§ Material provided
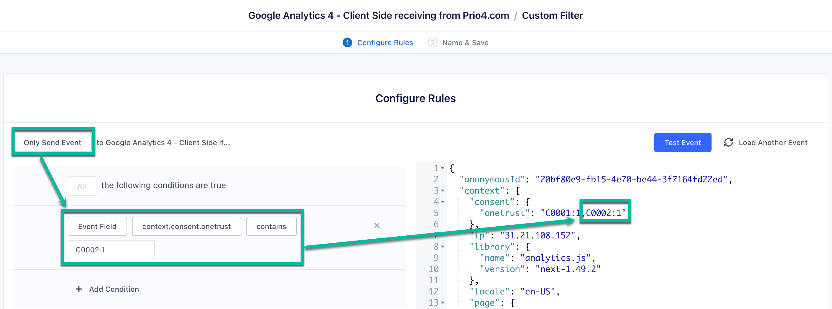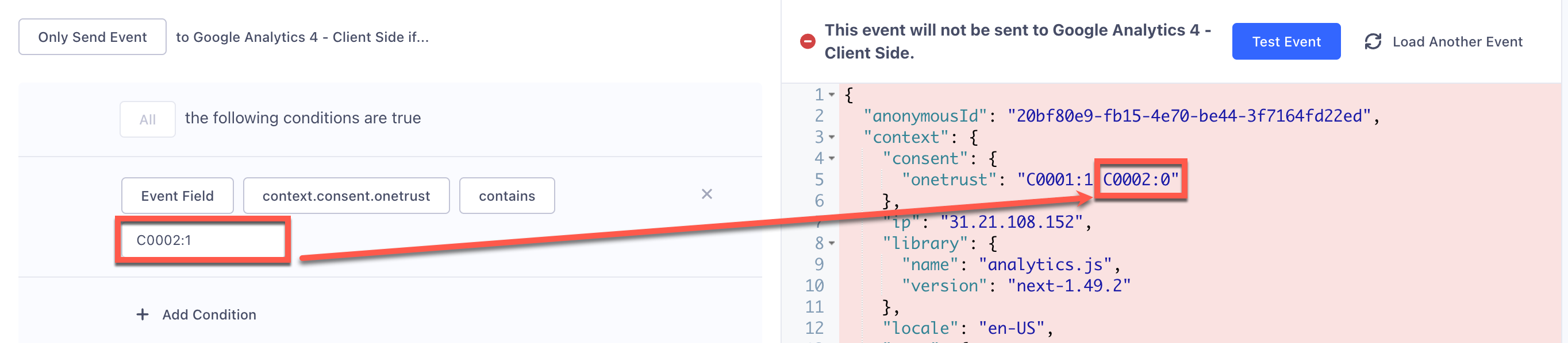 If you are on a Business plan, you can use Destination Filters to filter data based on rules. These rules can be defined per destination. Please remember to set the right filter for the correct type of destination. You should do this using OneTrust’s group ids.
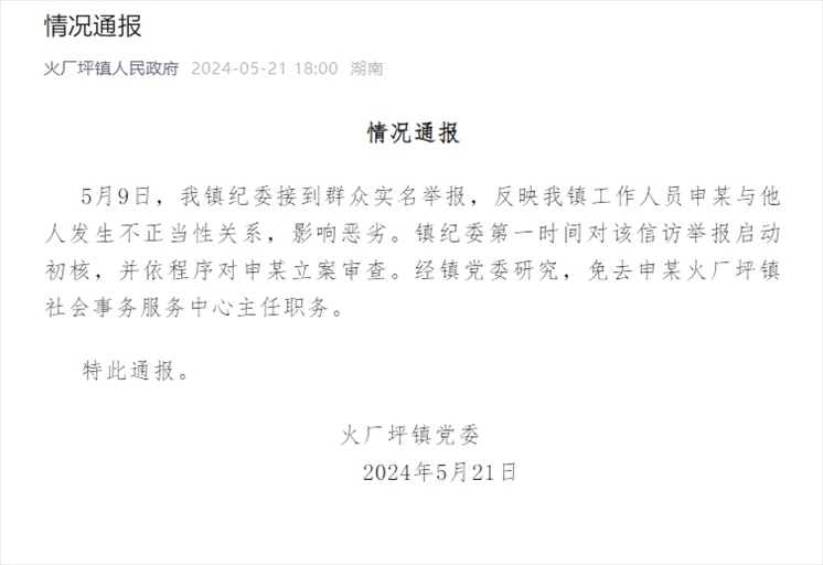 ·“公職人員婚內(nèi)出軌女子”照片傳出,官方通報:涉事人員免職。
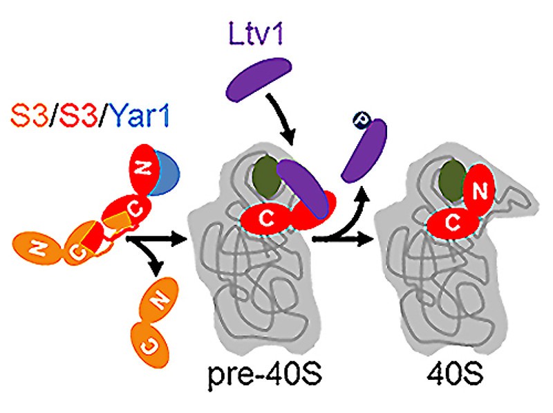 Das Protein Rps3 (l.) wird in zwei Schritten in den Zellkern eingebaut: Den genauen Mechanismus haben ForscherInnen der Uni Graz nun entschlüsselt. Grafik: Uni Graz/Pertschy
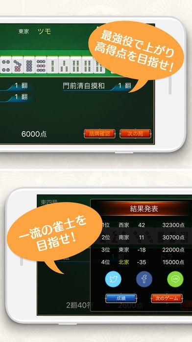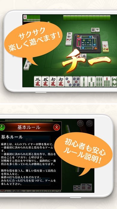 ・麻雀初心者から上級者まで、超簡単操作だからすべてのユーザーがサクサク楽しむ事が出来ます。
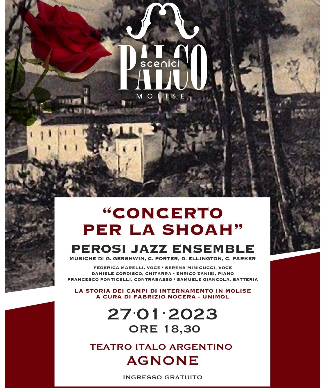 La musica “degenerata”, il Jazz, banditi dai regimi nazi-fascista, suonerà forte al teatro Italo-Argentino di Agnone per celebrare la Giornata della Memoria in ricordo di tutte le vittime dell’olocausto. Organizzato dall’Assessorato regionale alla Cultura, in collaborazione con il Conservatorio “Perosi”, il concerto andrà in scena ad Agnone, sede di uno dei cinque campi di internamento molisani, l’ex convento di San Bernardino da Siena, che subì l’onta delle leggi razziali con la repressione di centinaia di ebrei stranieri, sudditi nemici e rom della ex Jugoslavia.

§ What is being asked
Copy every line of the data exactly as written, excluding the pictures.

§ Task output
 If you are on a Business plan, you can use Destination Filters to filter data based on rules. These rules can be defined per destination. Please remember to set the right filter for the correct type of destination. You should do this using OneTrust’s group ids.
 ·“公職人員婚內(nèi)出軌女子”照片傳出,官方通報:涉事人員免職。
 Das Protein Rps3 (l.) wird in zwei Schritten in den Zellkern eingebaut: Den genauen Mechanismus haben ForscherInnen der Uni Graz nun entschlüsselt. Grafik: Uni Graz/Pertschy
 ・麻雀初心者から上級者まで、超簡単操作だからすべてのユーザーがサクサク楽しむ事が出来ます。
 La musica “degenerata”, il Jazz, banditi dai regimi nazi-fascista, suonerà forte al teatro Italo-Argentino di Agnone per celebrare la Giornata della Memoria in ricordo di tutte le vittime dell’olocausto. Organizzato dall’Assessorato regionale alla Cultura, in collaborazione con il Conservatorio “Perosi”, il concerto andrà in scena ad Agnone, sede di uno dei cinque campi di internamento molisani, l’ex convento di San Bernardino da Siena, che subì l’onta delle leggi razziali con la repressione di centinaia di ebrei stranieri, sudditi nemici e rom della ex Jugoslavia.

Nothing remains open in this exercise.